XGBoost is an ensemble method, meaning that it is composed of different machine
learning models that combine to work together. The individual models that make up the
ensemble in XGBoost are called base learners.

Decision trees, the most commonly used XGBoost base learners, are unique in the
machine learning landscape. Instead of multiplying column values by numeric weights,
as in linear regression and logistic regression,
decision trees split the data by asking questions about the columns.

A decision tree can create thousands of branches until it uniquely maps each sample to the
correct target in the training set. This means that the training set can have 100% accuracy.
Such a model, however, will not generalize well to new data.

Decision trees are prone to overfitting the data. In other words, decision trees can map too
closely to the training data, a problem explored later in this chapter in terms of variance
and bias. 

Hyperparameter fine-tuning is one solution to prevent overfitting. Another
solution is to aggregate the predictions of many trees, a strategy that Random Forests and
XGBoost employ.


##Setup

In [21]:
import pandas as pd
import numpy as np

from sklearn.tree import DecisionTreeClassifier
from sklearn.tree import DecisionTreeRegressor

from sklearn.metrics import accuracy_score, mean_squared_error
from sklearn.model_selection import train_test_split, cross_val_score
from sklearn.model_selection import GridSearchCV


import warnings
warnings.filterwarnings('ignore')

In [None]:
!wget https://github.com/PacktPublishing/Hands-On-Gradient-Boosting-with-XGBoost-and-Scikit-learn/raw/master/Chapter02/census_cleaned.csv
!wget https://github.com/PacktPublishing/Hands-On-Gradient-Boosting-with-XGBoost-and-Scikit-learn/raw/master/Chapter02/bike_rentals_cleaned.csv

##Exploring decision trees

Decision Trees work by splitting the data into branches.
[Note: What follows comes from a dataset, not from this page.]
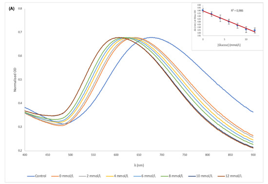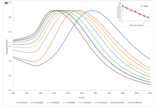 The LSPR peak shifts of AuNSs in serum in Figure 5A showed a total of 80 nm blueshift. In MES solution however, AuNSs showed a clearer and greater shift of 131 nm from the control to the highest glucose concentration as shown in Figure 5B. The reason for this observation in the two sample matrices could be due to the interferences caused by proteins and lipoproteins in the serum, which can affect the analytical performance of the biosensor [40]. When the LSPR peak shifts were plotted against the increasing concentration of glucose as shown in Figure 5A,B inserts, the correlation coefficient (R2) in both serum and MES were 0.99. This represented a predictable detectable range for glucose concentration with a 100 times dilution of the sample.

The branches are followed down
to leaves where predictions are made.

In [3]:
df_census = pd.read_csv("census_cleaned.csv")
df_census.head()

Unnamed: 0,age,fnlwgt,education-num,capital-gain,capital-loss,hours-per-week,workclass_ ?,workclass_ Federal-gov,workclass_ Local-gov,workclass_ Never-worked,...,native-country_ Puerto-Rico,native-country_ Scotland,native-country_ South,native-country_ Taiwan,native-country_ Thailand,native-country_ Trinadad&Tobago,native-country_ United-States,native-country_ Vietnam,native-country_ Yugoslavia,income_ >50K
0,39,77516,13,2174,0,40,0,0,0,0,...,0,0,0,0,0,0,1,0,0,0
1,50,83311,13,0,0,13,0,0,0,0,...,0,0,0,0,0,0,1,0,0,0
2,38,215646,9,0,0,40,0,0,0,0,...,0,0,0,0,0,0,1,0,0,0
3,53,234721,7,0,0,40,0,0,0,0,...,0,0,0,0,0,0,1,0,0,0
4,28,338409,13,0,0,40,0,0,0,0,...,0,0,0,0,0,0,0,0,0,0


In [4]:
# declare your predictor and target columns, X and y
X = df_census.iloc[:, :-1]
y = df_census.iloc[:, -1]

In [5]:
# split the data into training and tests set
x_train, x_test, y_train, y_test = train_test_split(X, y, random_state=2)

In [6]:
# decision tree classifier
clf = DecisionTreeClassifier(random_state=2)
clf.fit(x_train, y_train)

y_pred = clf.predict(x_test)
accuracy_score(y_pred, y_test)

0.8131679154894976

##Tuning hyperparameters

The best way to learn about hyperparameters is through experimentation. Although there
are theories behind the range of hyperparameters chosen, results trump theory. Different
datasets see improvements with different hyperparameter values.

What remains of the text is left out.